● **EXERCISE DATA**:
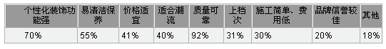 從上表中可看出,消費者在選擇建材家居產品的時候,會將易清潔、耐用、經濟等原始功能與個性化裝飾效果、時尚潮流、高檔等體現個人愛好與品位檔次的需求,雙重結合起來一同考慮。
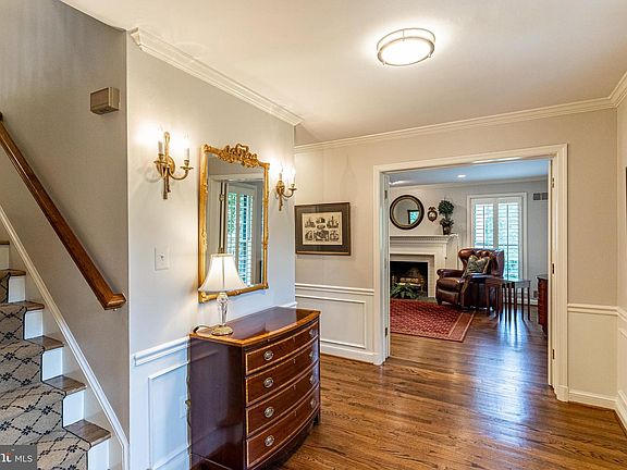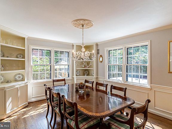 - Window Treatments, Walk-In Closet(s), Built-Ins, Dining Area, Eat-in Kitchen, Crown Molding, Open Floorplan, Wood Floors, Attic, Wainscotting, Breakfast Area, Upgraded Countertops, Kitchen - Gourmet, Family Room Off Kitchen, Chair Railings, WhirlPool/HotTub, Primary Bath(s)
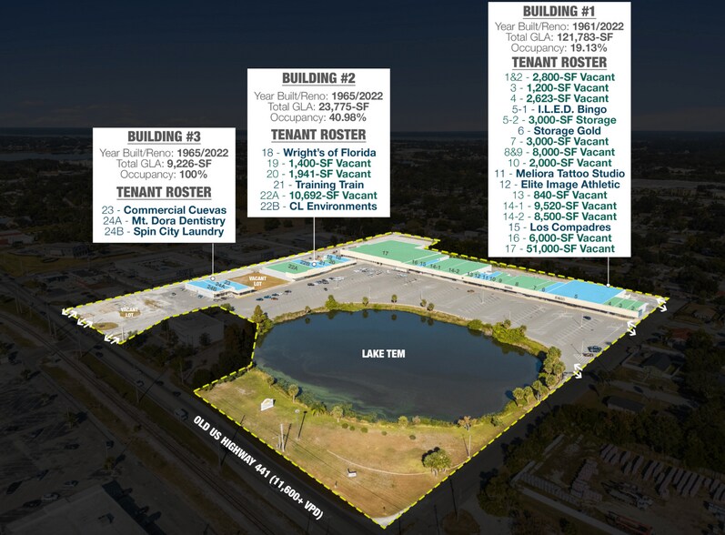 Disponible dès maintenant, espace principal de 51 000 pieds carrés. Peut être aménagé selon les besoins du locataire. Situé à moins de 2 miles du centre-ville de Mount Dora. Zonage commercial C-3, entrée signalée depuis l'autoroute 441, et grand stationnement disponible. Les options de location offrent de la flexibilité, avec des prix allant de 8,00 $ à 14,00 $ par pied carré. Profitez de certains des loyers les plus économiques de la région, tout en bénéficiant d'une grande visibilité et d'un fort achalandage sur l'ancienne US Highway 441.

● **WHAT IS EXPECTED**:
With images omitted, retype the data word for word.

● **SOLUTION FOR THIS EXERCISE**:
 從上表中可看出,消費者在選擇建材家居產品的時候,會將易清潔、耐用、經濟等原始功能與個性化裝飾效果、時尚潮流、高檔等體現個人愛好與品位檔次的需求,雙重結合起來一同考慮。
 - Window Treatments, Walk-In Closet(s), Built-Ins, Dining Area, Eat-in Kitchen, Crown Molding, Open Floorplan, Wood Floors, Attic, Wainscotting, Breakfast Area, Upgraded Countertops, Kitchen - Gourmet, Family Room Off Kitchen, Chair Railings, WhirlPool/HotTub, Primary Bath(s)
 Disponible dès maintenant, espace principal de 51 000 pieds carrés. Peut être aménagé selon les besoins du locataire. Situé à moins de 2 miles du centre-ville de Mount Dora. Zonage commercial C-3, entrée signalée depuis l'autoroute 441, et grand stationnement disponible. Les options de location offrent de la flexibilité, avec des prix allant de 8,00 $ à 14,00 $ par pied carré. Profitez de certains des loyers les plus économiques de la région, tout en bénéficiant d'une grande visibilité et d'un fort achalandage sur l'ancienne US Highway 441.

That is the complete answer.